Mapping resilience: a scoping review on mediators and moderators of childhood adversity with a focus on gender patterns

Background
Childhood adversity is associated with a host of negative health and socioeconomic outcomes far into adulthood. The process of avoiding such outcomes is often referred to as resilience. Mapping resilience comprehensively and across contexts is highly relevant to public health, as it is a step towards understanding environments and interventions that contribute to preventing or reversing negative outcomes after early adverse experiences.

Objectives
This review scoped out the literature on resilience factors in relation to adulthood outcomes as diverse as mental health and educational attainment. Our aim was to understand where there is untapped research potential, by examining the current evidence base on resilience factors in terms of (a) resources that can buffer the impact of childhood adversity and (b) the pathways linking adversity to long-term outcomes. Furthermore, we aimed to identify gender patterns in these resources and pathways, which has not been a primary interest of reviews on resilience to date, and which can add to our understanding of the different ways in which resilience may unfold.

Eligibility criteria
Studies had to include an adversity experienced in childhood, an outcome considered indicative of resilience in adulthood, and at least one putative resilience factor, which had to be approached via mediation or moderation analysis. We considered cohort, case–control and cross-sectional studies.

Sources of evidence
We searched PubMed, Scopus and PsycINFO and included original, peer-reviewed articles published before 20 July 2023 in English, German, French, Spanish, Dutch and Swedish.

Charting methods
All three authors collaborated on the extraction of information relevant to answering the research questions. The results were visually and narratively summarised.

Results
We included 102 studies. Traditionally anchored in the field of psychology, the resilience literature focuses heavily on individual-level resilience factors. Gender was considered in approximately 22% of included studies and was always limited to comparisons between men and women. There is no evidence that childhood adversity impacts men and women differently in the long term, but there is some evidence for gender differences in resilience factors.

Conclusions
There is untapped potential in resilience research.

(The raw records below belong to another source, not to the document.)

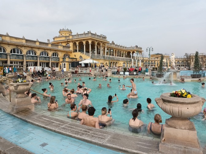 Just across from the castle is perhaps Budapest’s best known thermal bath, Széchenyi. It’s the largest in Europe and certainly the most impressive I’ve visited, ahead of those in Japan, Andorra, Canada and England. The baths opened in 1913 following the drilling of a well under the park nearly a kilometre down, and feature three outdoor and fifteen indoor pools of varying temperatures. There were no online tickets left when we arrived in country, but fortunately no queue at the baths themselves so it was easy to enter.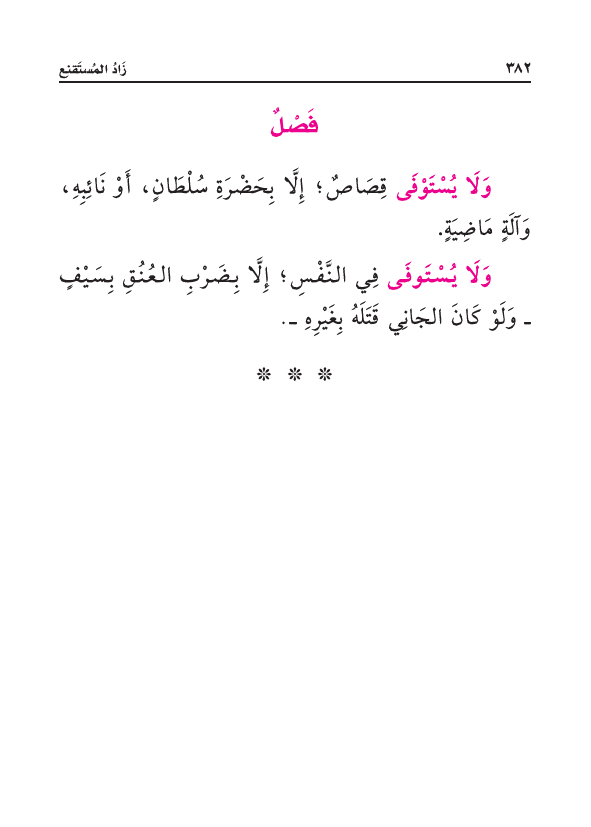 وَلَا يُسْتَوْفَى قِصَاصٌ؛ إِلَّا بِحَضْرَةِ سُلْطَانٍ، أَوْ نَائِبِهِ، وَآلَةٍ مَاضِيَةٍ.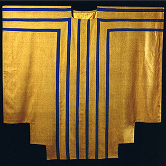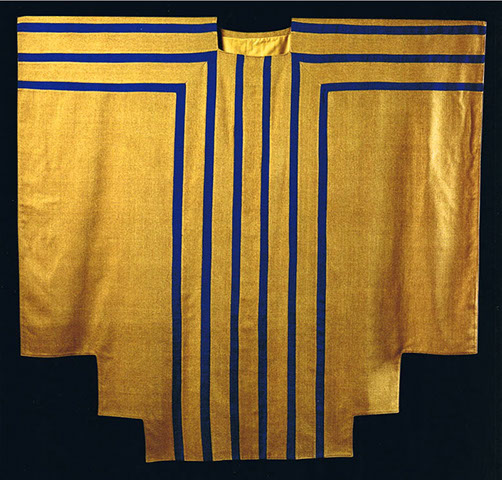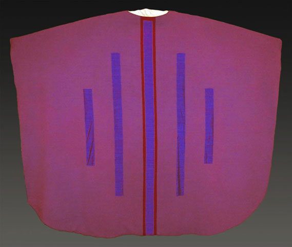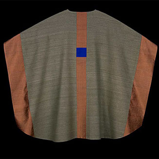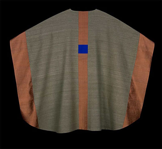 Abgestufte Casel, 1994/95, 140 x 160 cm, Vorderseite, eingefärbte Bouretteseide mit Streifen in Seidenleinen unterlegt

By considering structural-level factors simultaneously with individual-level factors, and including gender as one of the elements that shape resilience, we can map resilience as a heterogeneous, multilevel process from a public health perspective. This would complement the extensive existing literature on individual-level factors and help reframe resilience as a concept that can be intervened on at a structural level, and that is subject to societal norms and forces, such as gender. There is a lack of quantitative studies including transgender and gender-non-conforming persons.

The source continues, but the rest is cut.